### [Exercise]
Set down, please, the line that contains "по мостику, через" and every line that follows it to the end of the records, exactly; do not include pictures.

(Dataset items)
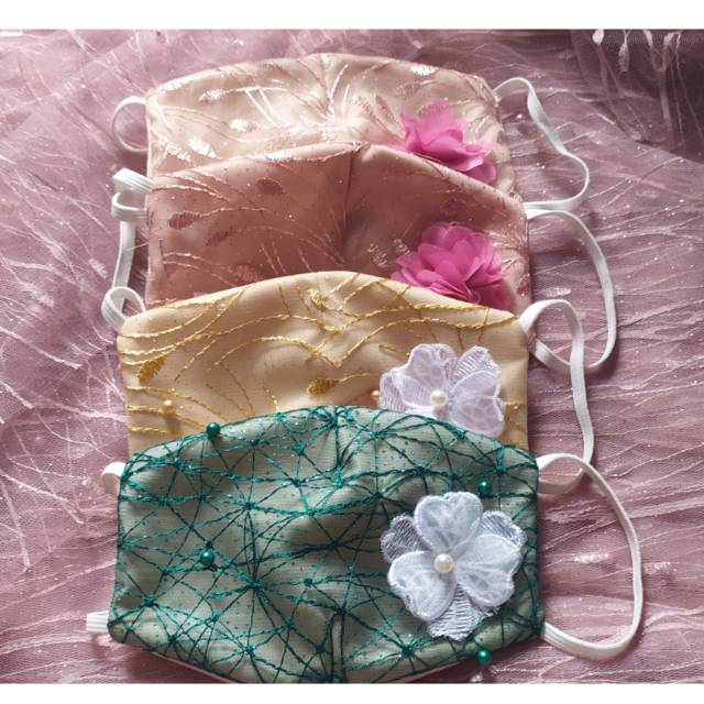 Masker Kain Tulle Brokat Hias Bunga 3d Cantik Pink - Masker Kain Hias Cantik - Masker Brokat Cantik | Lazada Indonesia
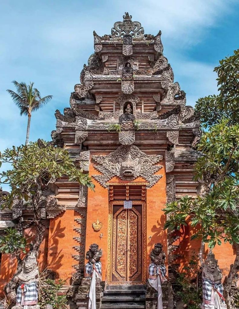 乌布王宫位于印度尼西亚巴厘岛乌布市中心,是巴厘岛特色文化的代表之一,呈现出巴厘岛的独特建筑风格。乌布王宫大门口的雕塑非常精美,体现出浓厚的东南亚风情。乌布王宫还是多个当地节日和庆典的主要场所之一。
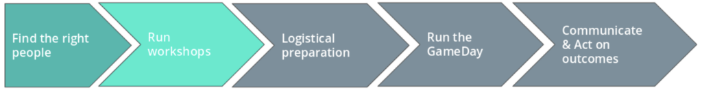 Une équipe de 20 personnes se forme pour mettre en place le Game Day. S’ensuit une série de plusieurs workshops pour :
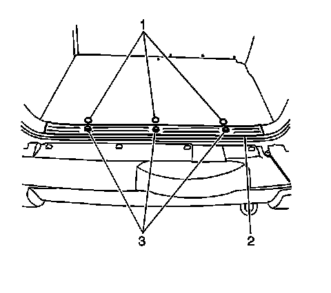2. Remove the 3 bolts (3) which secure the rear floor rear trim plate (2).
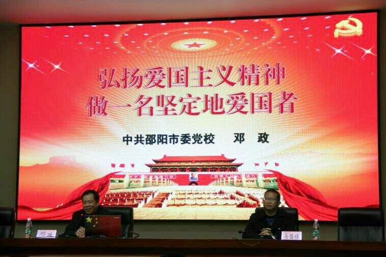 邓政教授的讲座主题为“弘扬爱国主义精神,做一名坚定的爱国者”。他首先介绍了长征的历史、一二九运动,联系长征历史就学校要培养什么人、怎样培养人以及人如何体现自身价值等问题阐述了自己的观点。紧接着从什么是爱国主义、为什么要爱国、爱国爱什么、怎么爱国四个方面阐释了爱国主义精神。邓教授从历史的角度、理论的高度、现实的维度为我院师生上了生动的一课。
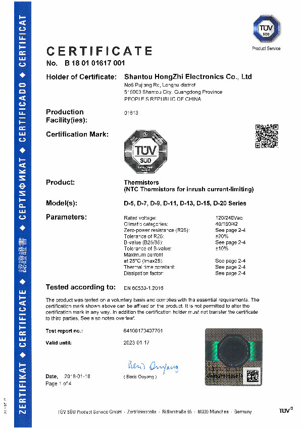 2018年1月,汕頭市鴻志電子有限公司生產的NTC熱敏電阻獲得德國TUV認證;至此我司熱敏電阻共有德國TUV.美國UL.中國CQC和美國CUL四個認證。
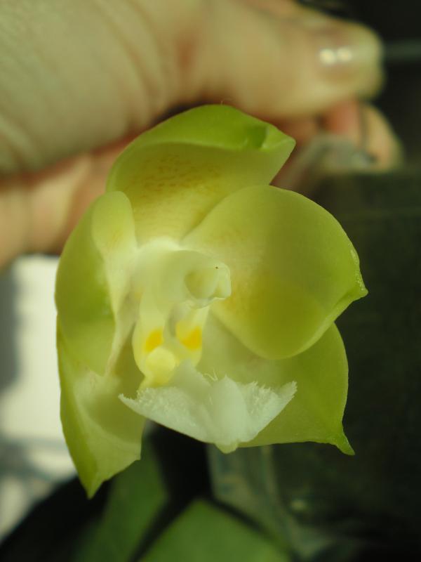 распускается P. Yungho Gelb Canary 'SW' x P. Su-An Cricket 'SW' , еще не совсем открылся,но аромат уже есть, пахнет цитрусовым, очень вкусненько
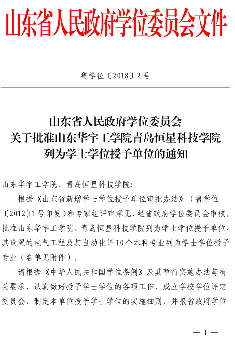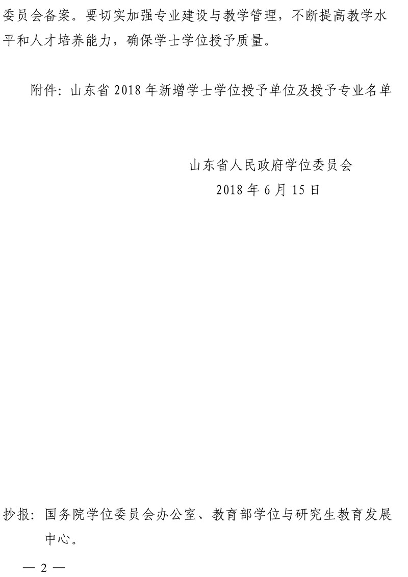 2018年6月15日,山东省人民政府学位委员会印发《关于批准ladbrokes立博列为学士学位授予单位的通知》(鲁学位〔2018〕2号),批准公司列为学士学位授予单位,公司设置的电气工程及其自动化、汽车服务工程、机械设计制造及其自动化、建筑环境与能源应用工程、数字媒体技术5个本科专业列为学士学位授予专业。这标志着公司申请列为学士学位授予单位和学士学位授予专业评审工作取得圆满成功。公司将根据《中华人民共和国学位条例》及其暂行实施办法等有关要求,认真做好授予学士学位的各项工作,切实加强专业建设与教学管理,不断提高教学水平和人才培养能力,确保学位授予质量。
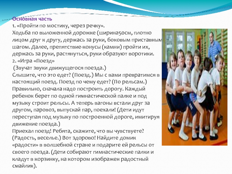 1. «Пройти по мостику, через речку».
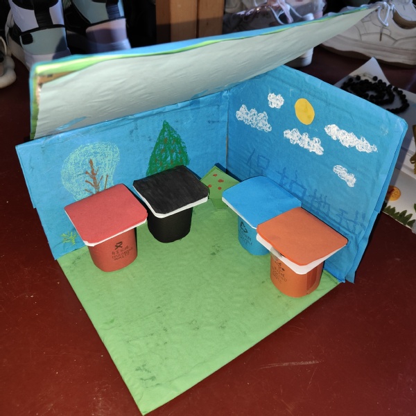 作品介绍:用废弃纸箱、废弃酸奶盒制作环保作品。既宣传环保,又创造了艺术,把我们拉入环保艺术的新视野中。当蔚蓝的天空,飘荡的白云被黑烟代替。我仿佛听见了森林的哭泣,白云的哀伤。地球是我们赖以生存的家园,环境需要我们好好的保护。植树造林可以美化环境,净化空气,包括我们的地球家园。我希望以此作品来呈现,让我们共同保卫我们的地球家园,让白云重新飘荡,让森林依旧绿波汹涌。
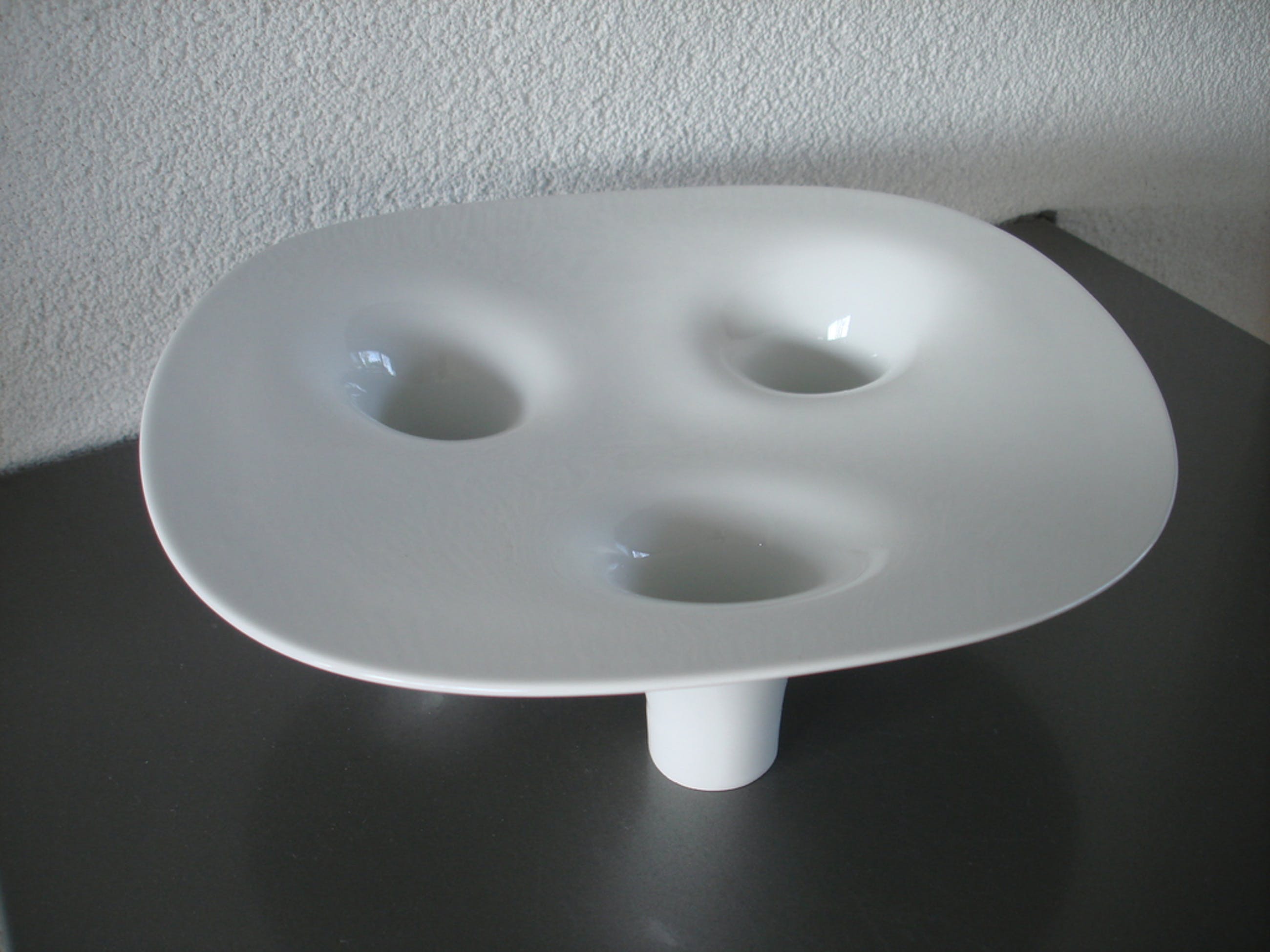 De schaal is 24 cm in doorsnee en 8 cm hoog.
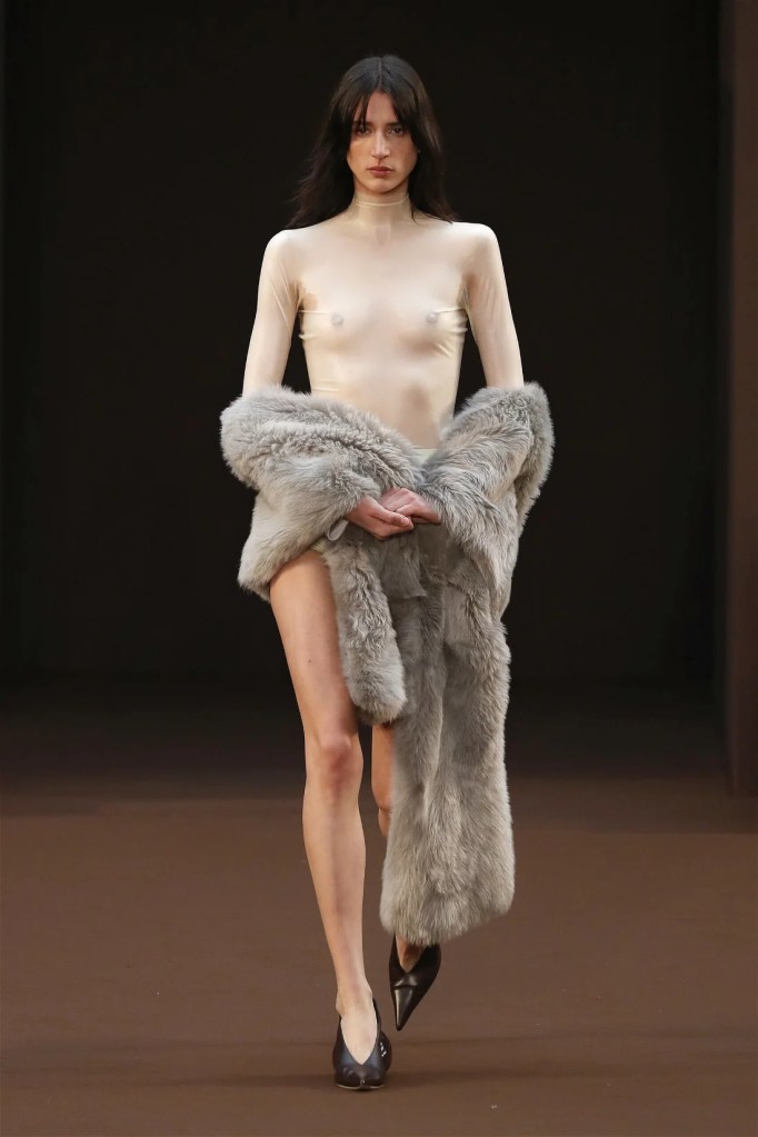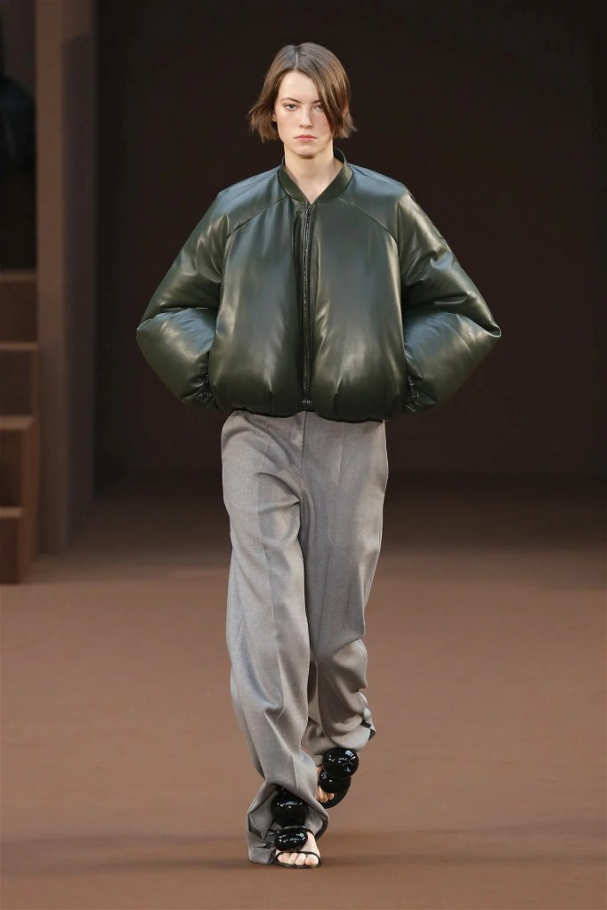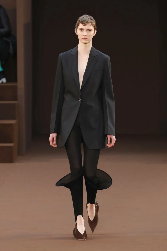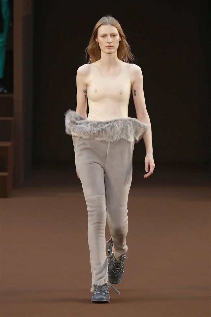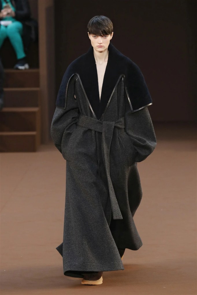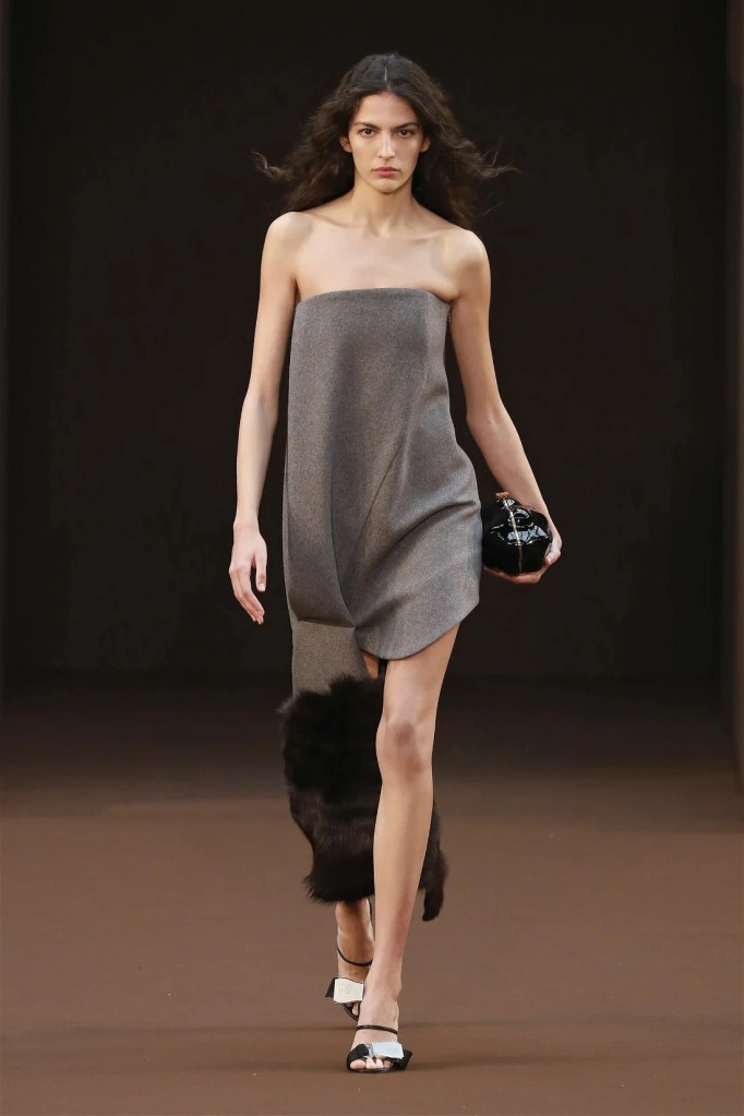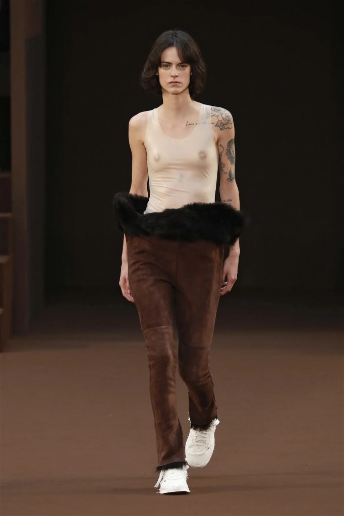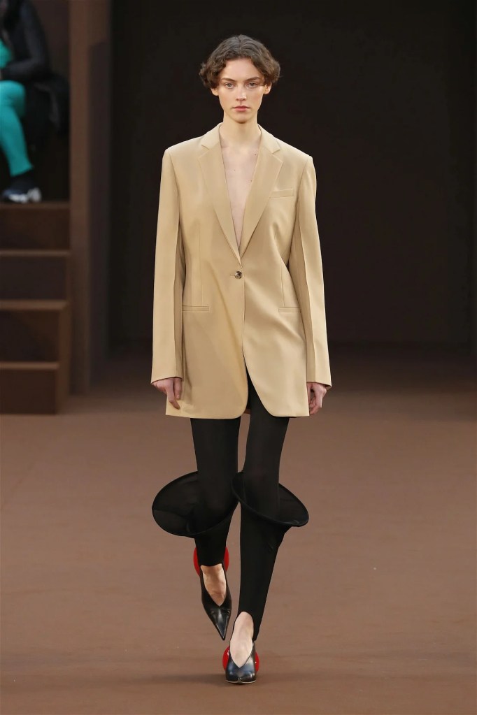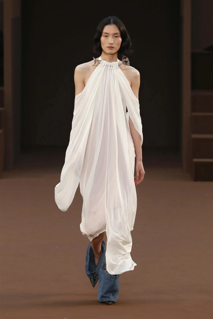 Leathery T-shirts and raw-edged shorts juxtaposed against intricate fringed dresses challenged expectations. Anderson’s signature trompe l’oeil tricks continued, with sweaters mimicking paint splatters and skirts resembling crumpled paper. Shoes and bags mirrored the collection’s boldness, featuring outlandish shapes and materials. The surrealism is amusing and the experimentation, brilliant!

### [Result of this exercise]
 1. «Пройти по мостику, через речку».
 作品介绍:用废弃纸箱、废弃酸奶盒制作环保作品。既宣传环保,又创造了艺术,把我们拉入环保艺术的新视野中。当蔚蓝的天空,飘荡的白云被黑烟代替。我仿佛听见了森林的哭泣,白云的哀伤。地球是我们赖以生存的家园,环境需要我们好好的保护。植树造林可以美化环境,净化空气,包括我们的地球家园。我希望以此作品来呈现,让我们共同保卫我们的地球家园,让白云重新飘荡,让森林依旧绿波汹涌。
 De schaal is 24 cm in doorsnee en 8 cm hoog.
 Leathery T-shirts and raw-edged shorts juxtaposed against intricate fringed dresses challenged expectations. Anderson’s signature trompe l’oeil tricks continued, with sweaters mimicking paint splatters and skirts resembling crumpled paper. Shoes and bags mirrored the collection’s boldness, featuring outlandish shapes and materials. The surrealism is amusing and the experimentation, brilliant!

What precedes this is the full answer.